Konferenzräume und Bistro sorgen für die optimale Vernetzung der ansässigen Unternehmen. Die Stadt Braunschweig, betonte Oberbürgermeister Ulrich Markurth, habe selbst 360 Quadratmeter reserviert – Büros, die Gründer nutzen sollen, um ihren Beitrag zur Forschung und Entwicklung zu leisten.
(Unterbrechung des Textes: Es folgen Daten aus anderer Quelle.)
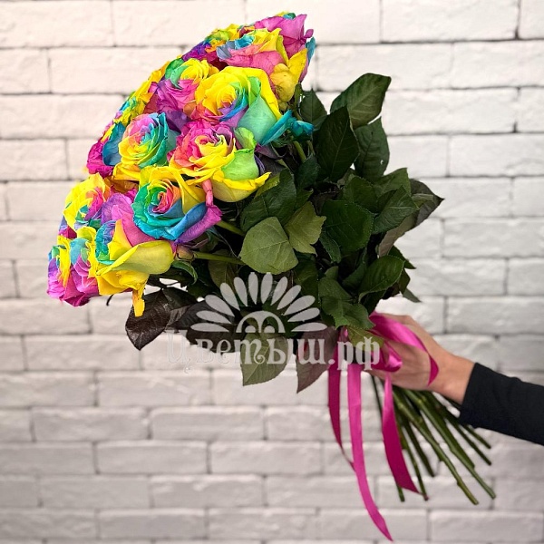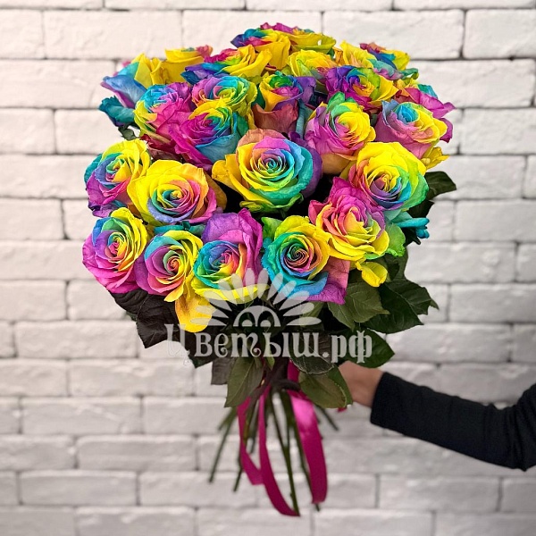 Букет из 25 радужных роз — яркая, креативная и эмоционально насыщенная цветочная композиция, которая привлекает внимание своей необычной палитрой. Радужные розы создают настроение праздника, радости и вдохновения, делая этот букет эффектным и запоминающимся подарком для самых тёплых моментов!

Denn, so Jürgen Brinkmann, Vorstandsvorsitzender der Volksbank BraWo: „Wo hat man schon so einen Standort wie wir hier in Braunschweig? Wenn Mobilitätsforschung, dann doch hier, am Flughafen neben der A2.“ Der Neubau, so Brinkmann, sei ein schönes Beispiel dafür, was die Region leisten kann: „Wir können das hier lokal, mit Experten, die hier vor Ort tätig sind.“
Ganz nebenbei erwähnte der Volksbank-Chef, dass die Aktivitäten des Unternehmens am Flughafen noch nicht beendet sind. Im kommenden Jahr soll eines der modernsten Parkhäuser Europas dort entstehen. Oberbürgermeister Markurth führte weiter aus: „Als nächstes wird der Vorplatz des Flughafens umgestaltet. Und dann nähern wir uns mit den Planungen den Altgebäuden.“
Der Braunschweiger Forschungsflughafen, an dem Entwicklungen in den Bereichen Luft-, aber auch Raumfahrt vorangetrieben werden, hat längst europäischen Rang – mit 2 800 Arbeitsplätzen. 300 Millionen Euro sind dort inzwischen insgesamt investiert worden.